Jennifer Palmer has read crime fiction since her teenage years & enjoys reviewing within the many sub-genres that now exist; as a historian who lectures on real life historical mysteries she particularly appreciates historical cime fiction.
This prescient narrative details
the murder of a popular sixth-form pupil and the search for the perpetrator.
The narrative is told by six sources striated together and delivered as
description, or through the medium of the Internet.
The Sixth-formers who are in Eva’s
group are obviously horrified at the news of her disappearance and then of her
death, especially when suspicion falls upon one of their number. The tale
is told with six alternating narrative strands, illustrating the attitudes of
the protagonists, and showing how their views change as various revelations are
made.
Eva was a beautiful clever girl (from
a family with money) whose body is found in a ditch in a wood. She had been
stabbed.
Her boyfriend, Luke, is accused of
the murder. He is a boy from the ‘wrong side of the tracks’ but his character
is far more complex than that description would suggest. His thoughts
provide one of the narrative strands revealing his inner attitudes and the
effect of Eva’s death, upon him; the revelations about her and the experiences
of being accused of her murder – and being held on remand and being on trial.

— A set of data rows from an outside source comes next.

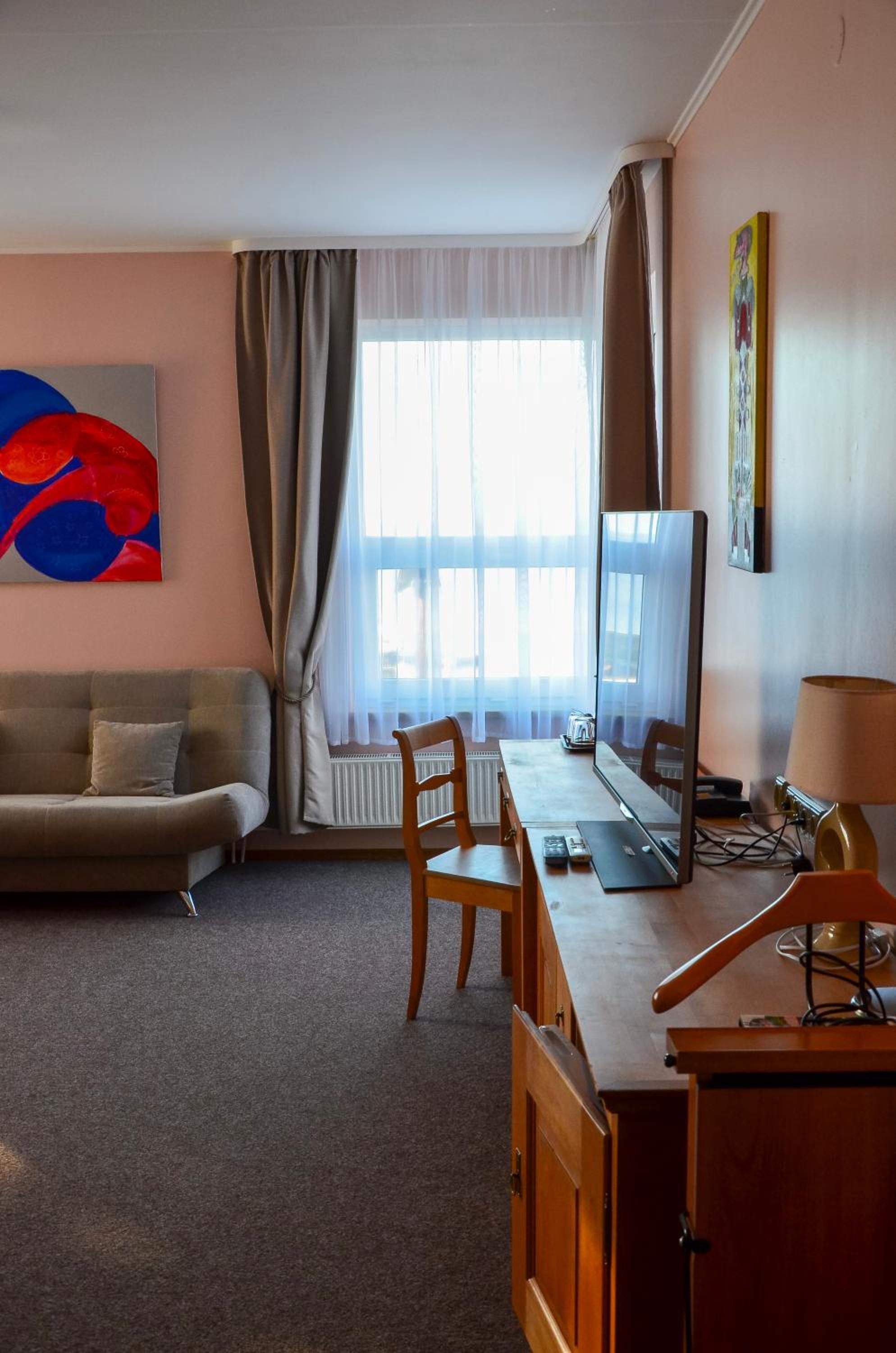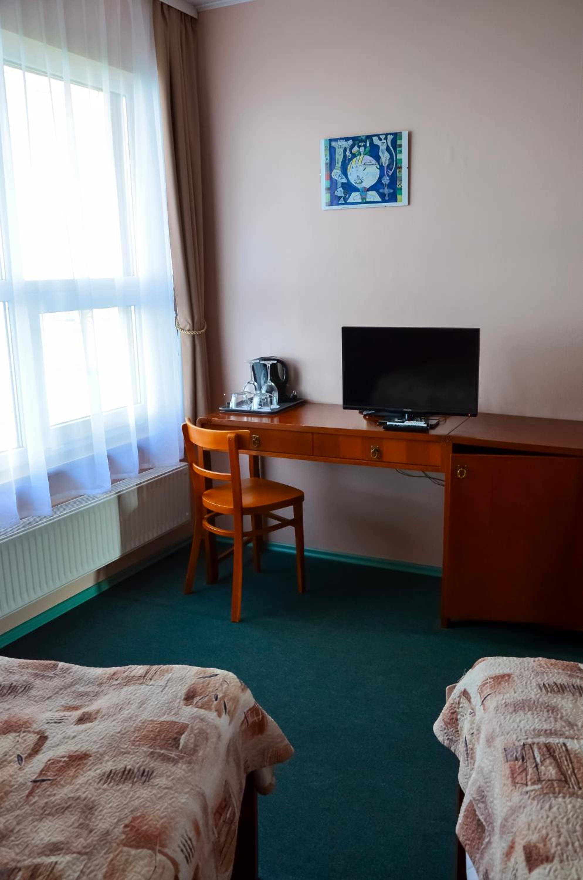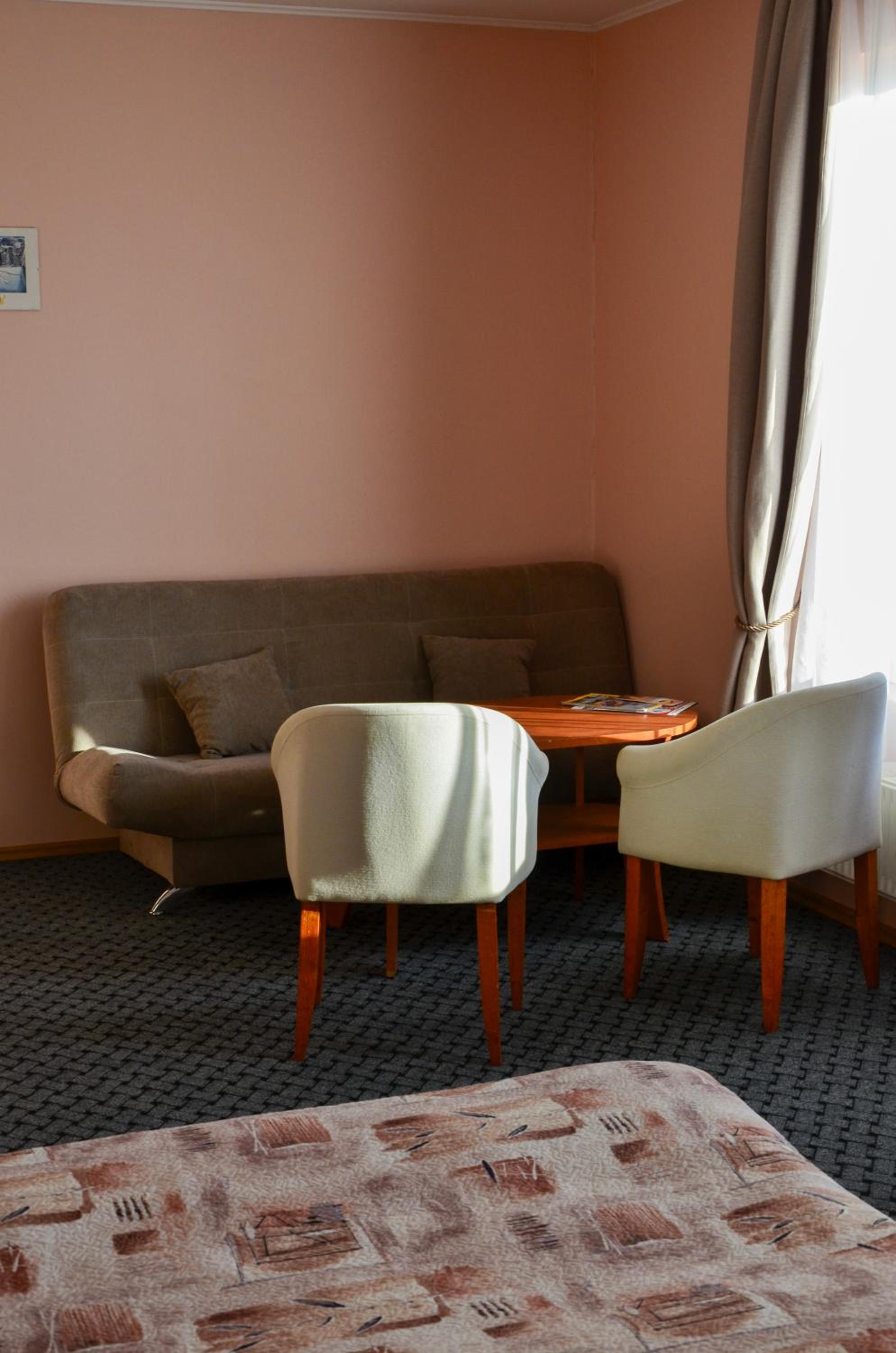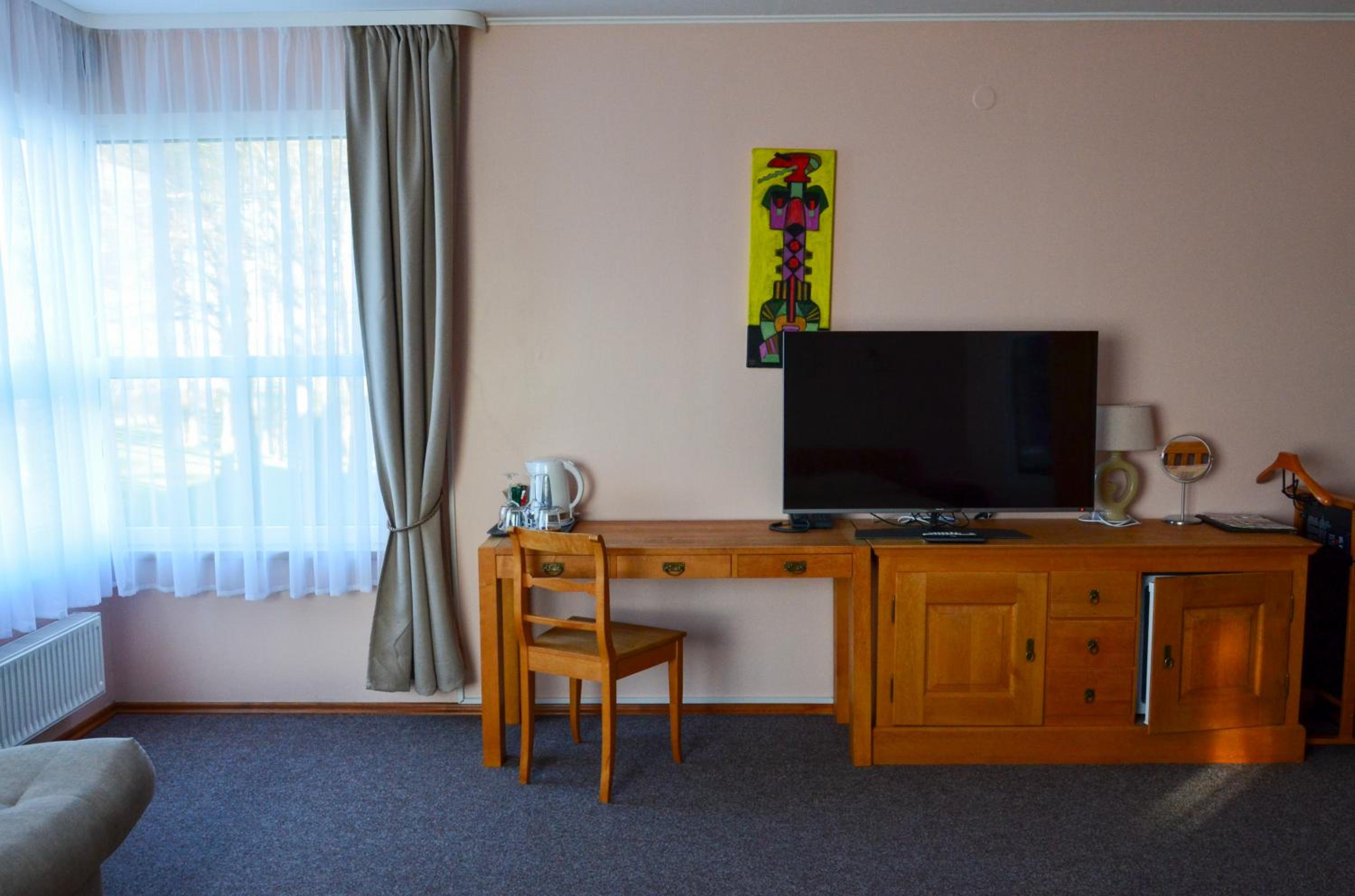 Direkter Blick auf das Kurische Haff und die Wanderdünen der Nehrung aus dem Zimmer, Ausstattung u.a. mit Kühlschrank und Wasserkocher, was beides sehr hilfreich war, Unterstellmöglichkeit für die Fahrräder, netter Service, es fehlte an nichts. Absolut empfehlenswert, auch Übernachtung im Zelt, Bungalow etc. möglich. Wer möchte, kann direkt vom Hotel mit einer kleinen Fähre nach Nidden auf die Nehrung fahren.
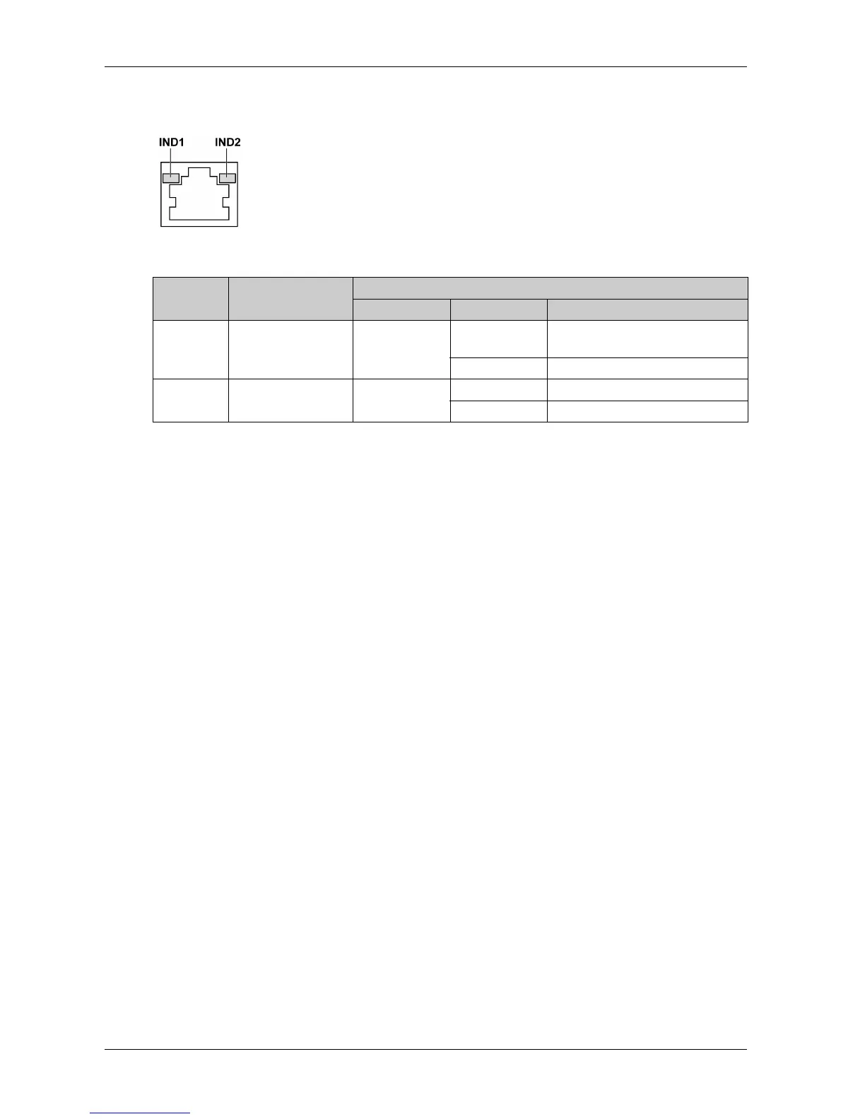 IND1 Ethernet status Green Off No connection or subsequent
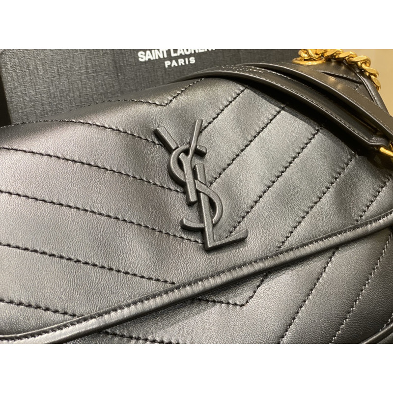 Front flap with magnetic snap closure and signature YSL signature covered in leather. Chain and leather convertible shoulder strap, exterior: a magnetic pocket on the back, interior: 1 main compartment, 1 open pocket, 1 zip pocket, 1 pocket under the flap.
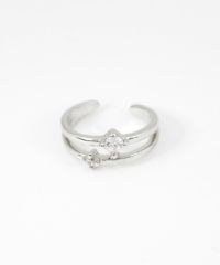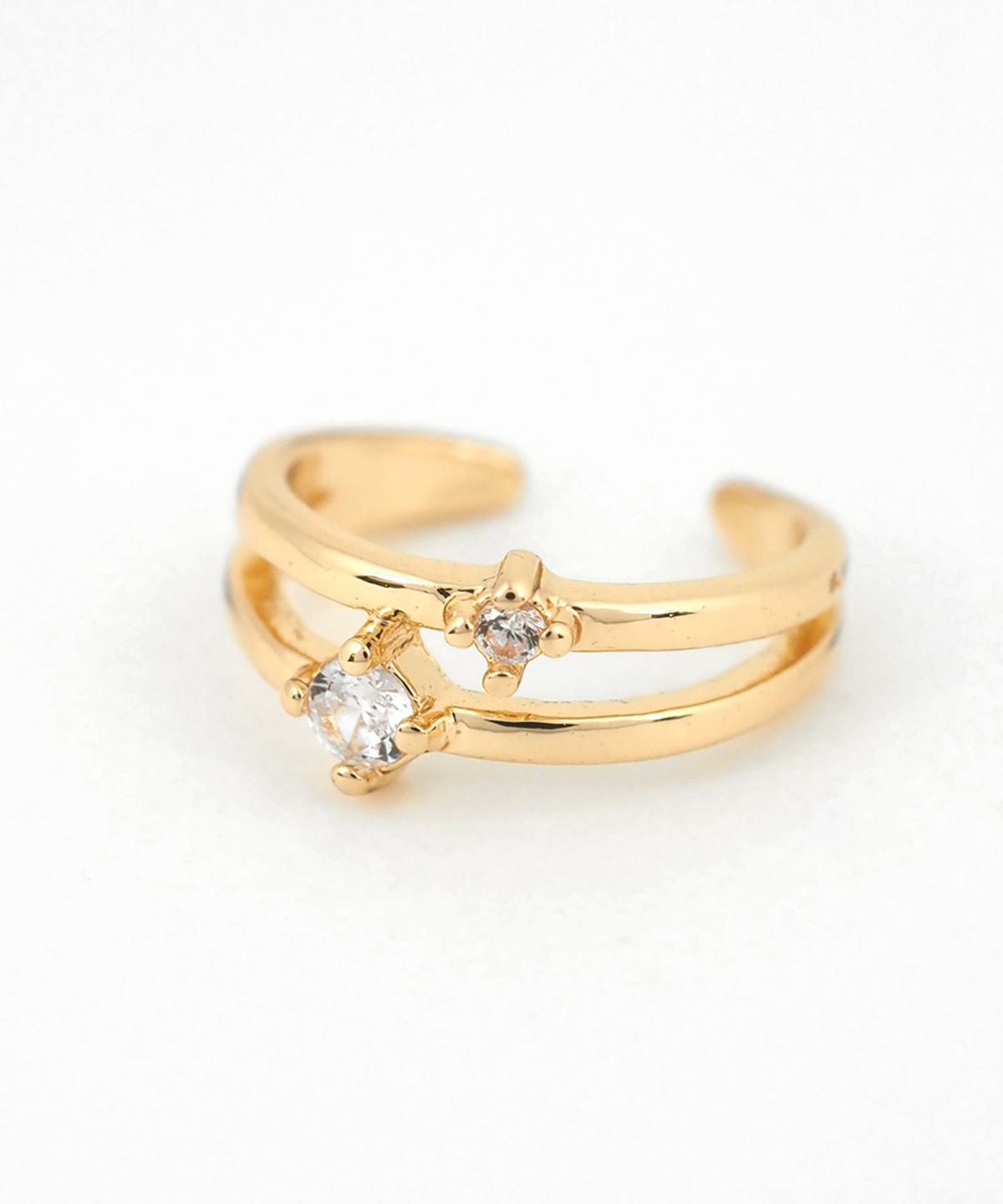 耳元に寄り添うように配置された、繊細な2粒のストーンが煌めくイヤーカフ。ミニマルなデザインで、どんなスタイルにも合わせやすく、お手持ちのピアスやイヤリングとの重ね付けもおすすめ。日常のオシャレをさりげなくランクアップさせてくれる、頼れる一点です。ピアスの穴の有無に関わらず楽しめ、コーデ不要でおしゃれが叶います。片耳用です。

It is impossible to trust anyone’s
account as many issues of the lives of young people come to the fore, with drugs,
sex, friendships, peer pressure and the secrets that lie hidden within groups
of young people.
This is a book intended for the YA market and therefore it concerns a group of 17 to 18 year olds. It is also a powerful story of a disappearance followed by a death, and the aftermath (as many grapple to try and uncover out what happened).
Though the story is mesmerising with
its many twists and turns (and I understand that I am not the target audience),
but that being said, I did have issues with the dénouement.